Hacker News new | comments | ask | show | jobs | submit login
Chip advances require fresh ideas, speakers say (eetimes.com)
91 points by bcaulfield on Feb 13, 2018 | hide | past | web | favorite | 41 comments

I think computing technology stagnating will probably one of the unexpected stories of the next decade. Look at Intel. Canon Lake (10nm) was supposed to be released in 2016 and now it's pushed back to mid-2018. Will even be able to get the yields to ship in volume at that time? A weird consequence of this will be the rest of the world will catch up in semi-conductor fab technology.

Also, we are starting to see weird stuff happen with GPU/processor and memory prices going up as inflationary pressures are able to outrun chip technology advances. We might start to see commodity computer products hoarded as a store of value.

CPU performance stagnation has already been the (somewhat unexpected) story of the last decade: Computer have simply become fast enough for almost all users, so progress has mostly been invested into power saving.

Advances have mostly been made in storage speed (SSDs), battery performance, and display quality (resolution, colours, and lately refresh rate), plus vector processing for machine learning.

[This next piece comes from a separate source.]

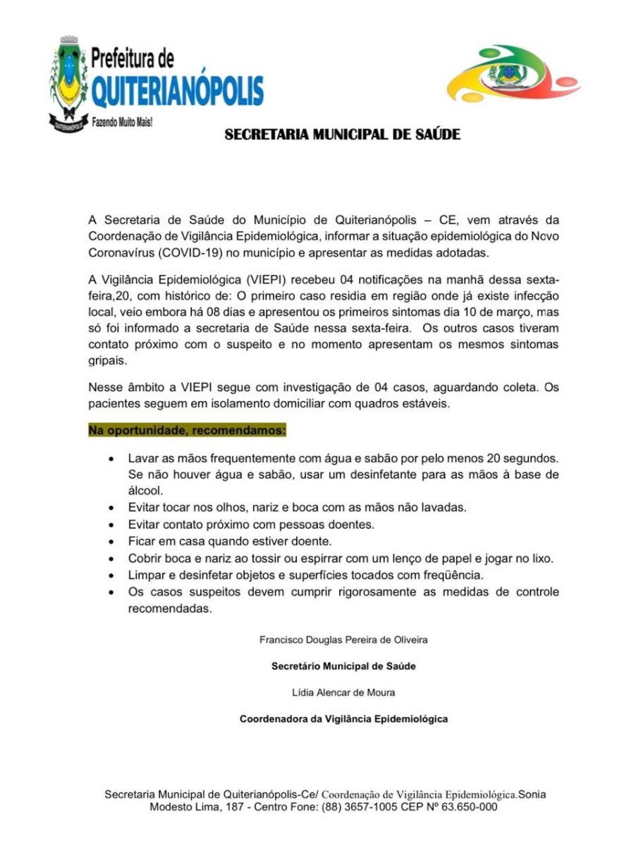 O secretário de Saúde de Quiterianópolis, Douglas Pereira, informou que todas as medidas estão sendo tomadas com base nas determinações do Ministério da Saúde. “Nossos profissionais estão acompanhando esses pacientes e passando todas as orientações necessárias”, destacou.

>Computer have simply become fast enough for almost all users

I think this is a misconception. Computers were "fast enough for users" since mid-eighties. Anything is fast enough if you cannot imagine it working better. What happened is that companies came up with more advanced software products for consumers and that drove the demand for faster consumer hardware.

The reality is that all the cutting-edge computing today requires a modern $600 GPU. The difference is that in the past we would have expected this kind of hardware to "trickle down" to normal users in couple of years. Today we don't. Instead of marketing better computers companies market cloud services. It's a really shitty phenomenon. We're seeing the reversal of the PC revolution.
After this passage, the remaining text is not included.